··· EXTRACTED INFORMATION
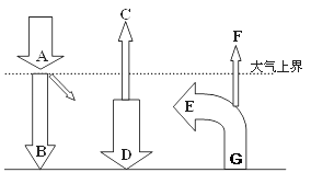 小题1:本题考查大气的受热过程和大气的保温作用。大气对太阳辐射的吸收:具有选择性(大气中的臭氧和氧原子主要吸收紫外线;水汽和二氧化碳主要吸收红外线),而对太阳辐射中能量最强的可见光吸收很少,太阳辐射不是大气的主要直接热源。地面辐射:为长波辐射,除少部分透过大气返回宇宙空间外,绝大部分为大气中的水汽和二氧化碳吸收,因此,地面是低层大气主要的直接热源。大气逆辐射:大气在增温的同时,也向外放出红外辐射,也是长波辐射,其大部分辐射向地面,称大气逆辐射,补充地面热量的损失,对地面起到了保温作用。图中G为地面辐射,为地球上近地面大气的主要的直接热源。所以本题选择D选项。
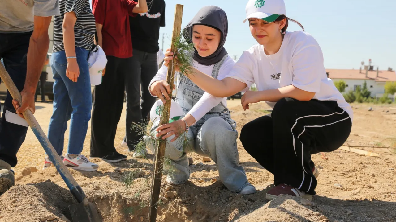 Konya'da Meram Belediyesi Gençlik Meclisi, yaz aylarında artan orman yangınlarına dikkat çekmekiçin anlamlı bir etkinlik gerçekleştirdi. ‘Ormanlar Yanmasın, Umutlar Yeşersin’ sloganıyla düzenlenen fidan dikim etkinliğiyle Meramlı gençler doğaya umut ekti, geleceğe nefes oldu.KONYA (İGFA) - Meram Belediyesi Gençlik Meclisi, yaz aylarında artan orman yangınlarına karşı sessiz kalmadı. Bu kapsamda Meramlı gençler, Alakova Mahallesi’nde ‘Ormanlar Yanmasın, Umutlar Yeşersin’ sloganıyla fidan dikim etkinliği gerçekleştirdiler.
······
··· EXTRACTED INFORMATION
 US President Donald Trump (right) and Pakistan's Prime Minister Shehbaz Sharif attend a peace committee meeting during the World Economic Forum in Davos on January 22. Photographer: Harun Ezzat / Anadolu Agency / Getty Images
······
Using the data above, set down each line from the line with "小题1:本题考查大气的受热过" to the line with "Konya'da Meram Belediyesi" exactly, both ends included, and leave the pictures behind. Nothing else belongs.

• **WRITTEN REPLY**:
 小题1:本题考查大气的受热过程和大气的保温作用。大气对太阳辐射的吸收:具有选择性(大气中的臭氧和氧原子主要吸收紫外线;水汽和二氧化碳主要吸收红外线),而对太阳辐射中能量最强的可见光吸收很少,太阳辐射不是大气的主要直接热源。地面辐射:为长波辐射,除少部分透过大气返回宇宙空间外,绝大部分为大气中的水汽和二氧化碳吸收,因此,地面是低层大气主要的直接热源。大气逆辐射:大气在增温的同时,也向外放出红外辐射,也是长波辐射,其大部分辐射向地面,称大气逆辐射,补充地面热量的损失,对地面起到了保温作用。图中G为地面辐射,为地球上近地面大气的主要的直接热源。所以本题选择D选项。
 Konya'da Meram Belediyesi Gençlik Meclisi, yaz aylarında artan orman yangınlarına dikkat çekmekiçin anlamlı bir etkinlik gerçekleştirdi. ‘Ormanlar Yanmasın, Umutlar Yeşersin’ sloganıyla düzenlenen fidan dikim etkinliğiyle Meramlı gençler doğaya umut ekti, geleceğe nefes oldu.KONYA (İGFA) - Meram Belediyesi Gençlik Meclisi, yaz aylarında artan orman yangınlarına karşı sessiz kalmadı. Bu kapsamda Meramlı gençler, Alakova Mahallesi’nde ‘Ormanlar Yanmasın, Umutlar Yeşersin’ sloganıyla fidan dikim etkinliği gerçekleştirdiler.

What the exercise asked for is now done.